Certain statements issued recently point to the fact that SPO could hand over everything to the Socialists without a fight, even to let them take over the entire Municipal Government of Belgrade, and to permit brute dictatorship in Serbia.  It is hard to understand such a tactic, because in politics whatever is won is never given over as a present, while anything that is given as a present, as a rule, is never returned.  A possible answer might lie in the fact that municipal services are very costly and the Serbian Goverment already ran up a five billion dollar deficit in the first five months of year 2000.  If any comparisons were made, let us say, in the operating costs of Belgrade's Municipal Transit Authority and the operating costs of the Yugoslav Railway, it would be clear that it is not entirely in the interests of the Socialists to continue their campaign to take over all the municipal governments in Serbia.

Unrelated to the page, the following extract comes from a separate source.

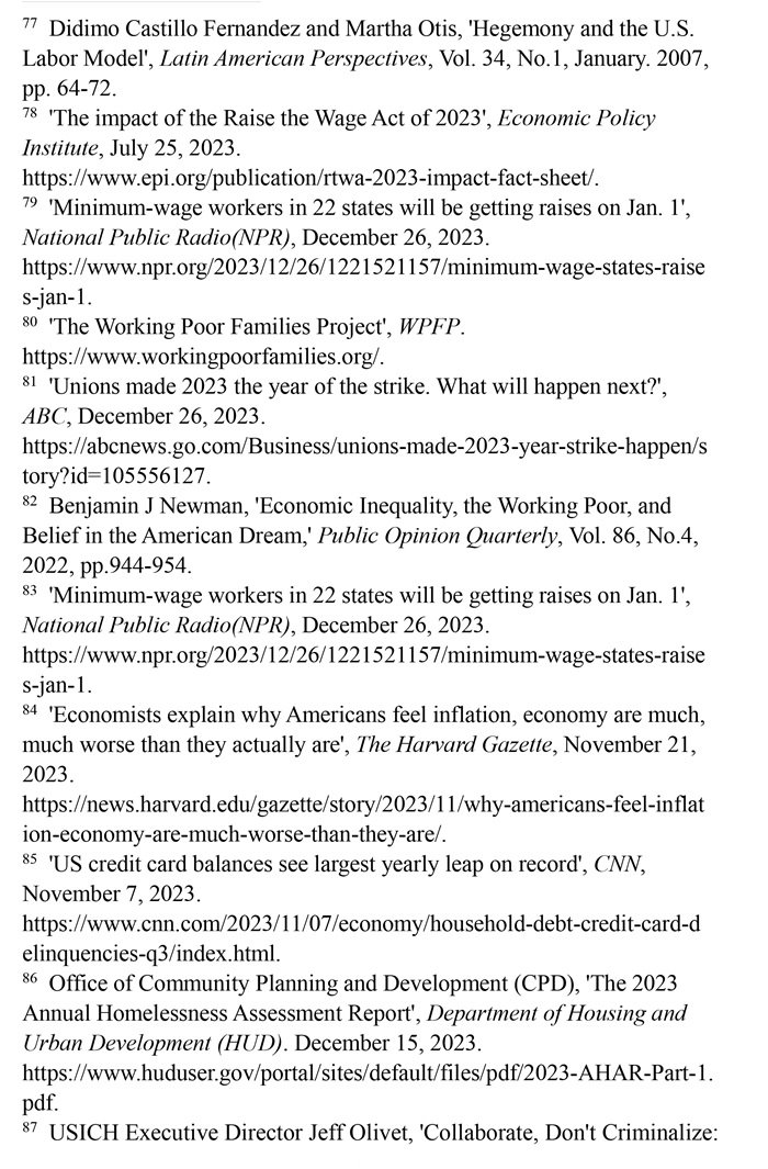 “工作者貧困”問題突出。美國勞動力市場狀況發(fā)生了結(jié)構(gòu)性變化,低薪崗位和缺乏監(jiān)管普遍存在。(注77)有大批“工作窮人”終日勞作,其工資水平卻難以維持基本生計,還缺乏應有的社會保障。美國聯(lián)邦最低時薪標準自2009年以來一直沒有上調(diào)。(注78)美國勞工部的數(shù)據(jù)顯示,2023年仍有20個州維持聯(lián)邦最低時薪標準。(注79)美國有1150萬個低收入工薪家庭,包括1480萬兒童在內(nèi)的2990多萬美國人生活在這些低收入工薪家庭。(注80)勞資收入增長懸殊導致多行業(yè)大面積罷工。2023年,美國發(fā)生了21世紀以來波及范圍最廣的罷工潮,包括影視、制造、醫(yī)療、媒體在內(nèi)的多個行業(yè)都出現(xiàn)大規(guī)模罷工。(注81)加利福尼亞州大學公共政策與政治學院副教授本杰明·紐曼評論稱,陷入結(jié)構(gòu)性貧困之中的“工作窮人”既缺乏機會平等,也難以向上流動,他們極大地降低了對“美國夢”的信念。(注82)

CRUCIAL INVESTIGATION: It could be possible that the announcements issued by the SPO yesterday are merely a red herring, merely an answer to the friends of the SPO who, like its enemies, like to interpret everything in terms used by the Corriera della Serra daily.  According to this reporter, there are widespread rumors that Draskovic got very rich, that he is very corrupt and is susceptible to blackmail.  This daily expressed the opinion that the political implications of this assassination "are fairly limited in a society in which politics ceded primacy to business, to criminal clans linked with the government, to personal pride, to the sinister logic of a regime which is firing up the climate of conspiracy."  This is an effective, succinct description of our atmosphere of chaos.  Still, in the case of the Leader of the Serbian Renewal Movement, a pattern is all too clear in this chaos where he is concerned, from November 3 of 1999 to June 15 of year 2000.  It still seems that the stakes here are not money, but actual lives.  Perhaps this whirlpool can only be halted by a thorough investigation which is attended by tense expectation.  If what at this point appears fairly probable is proven without doubt, namely that "certain circles" have their fingers mixed into the latest assassination attempt against Vuk Draskovic, the Leader of the Serbian Renewal Movement, it can only be assumed that such information will merely make the position of the regime more difficult and that no red herrings or clamoring on their part can cover up something of this kind.  While the regime has been keeping silent and maliciously smiling, tensions began to simmer in Belgrade on the third day following the assassination attempt when the Montenegrin authorities had still not released the names of the suspects.  Having made available all his police resources and having turned his back on facile political conclusions, Djukanovic proved down there in Montenegro that he has very good political intuition.  The question is whether this investigation can be covered up, in the sense that its outcome could end up costing someone.